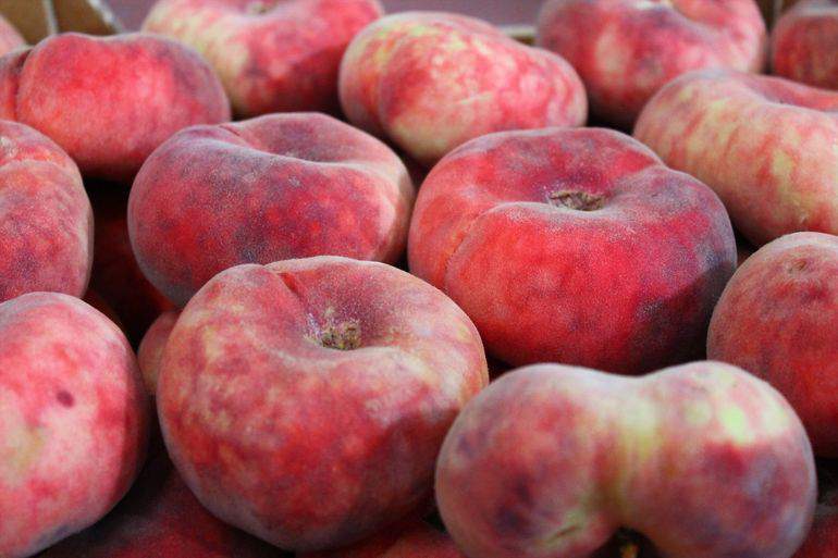 У плодов инжирного персика – плоская форма, напоминающая летающую тарелку. Эти фрукты стоят в несколько раз дороже обычных персиков, но их стоит попробовать.
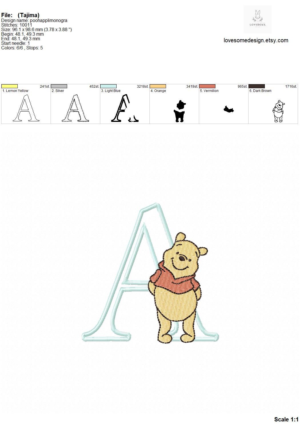 This listing features a machine embroidery font set which includes embroidery files of 26 uppercase applique monogram letters with Winnie the Pooh design in 4inch size. (For the whole set, pls see the listing images.)
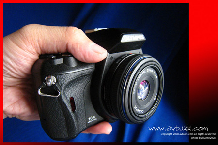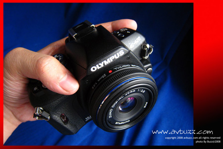 這部全球最細的單鏡反光機,配上餅鏡後的樣子,真是毒死很多人,這個 4/3 系統,
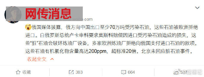俄出口欧洲石油因污染被拒中国“接盘”?别被网传消息轻易带动情绪!
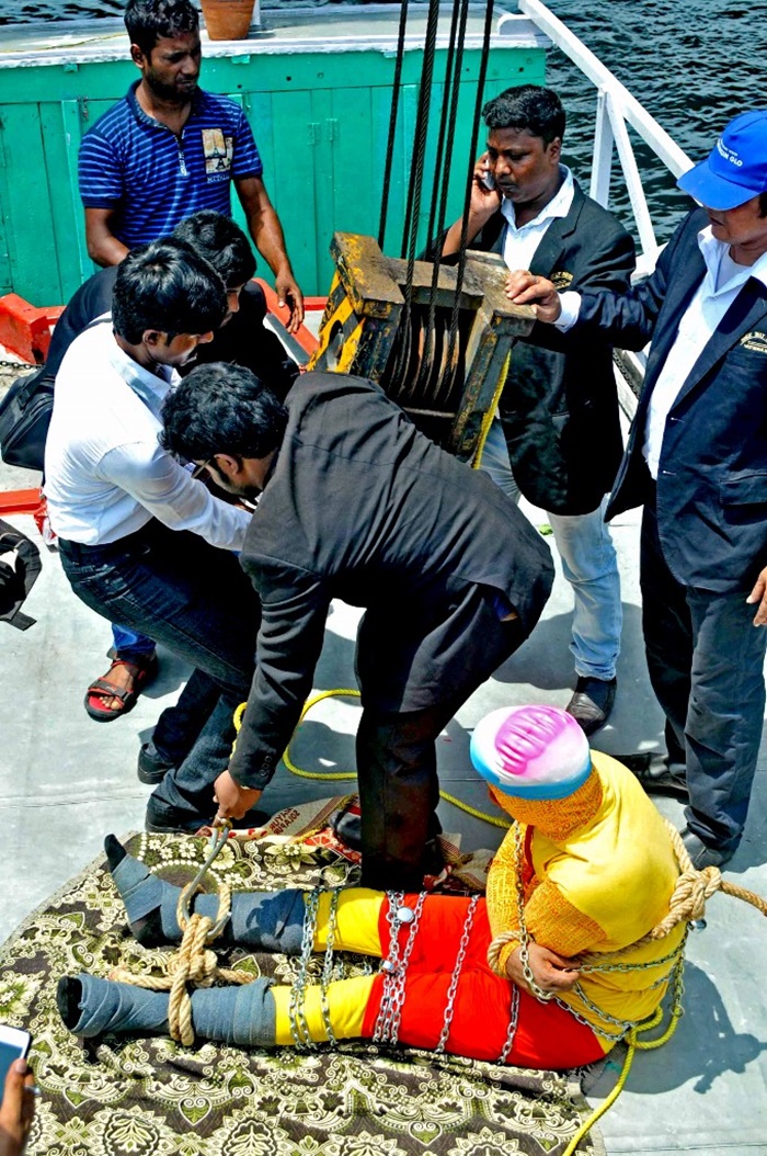 ด้วยการใช้โซ่กับเชือกมัดตัวเอง ก่อนหย่อนลงไปในแม่น้ำคงคาแล้ว

- - - - -

■ **About this exercise**: Take the lines from the start of the material to the line with "This listing features", both included, and transcribe them exactly without the pictures.

■ **Exercise solution**:
 У плодов инжирного персика – плоская форма, напоминающая летающую тарелку. Эти фрукты стоят в несколько раз дороже обычных персиков, но их стоит попробовать.
 This listing features a machine embroidery font set which includes embroidery files of 26 uppercase applique monogram letters with Winnie the Pooh design in 4inch size. (For the whole set, pls see the listing images.)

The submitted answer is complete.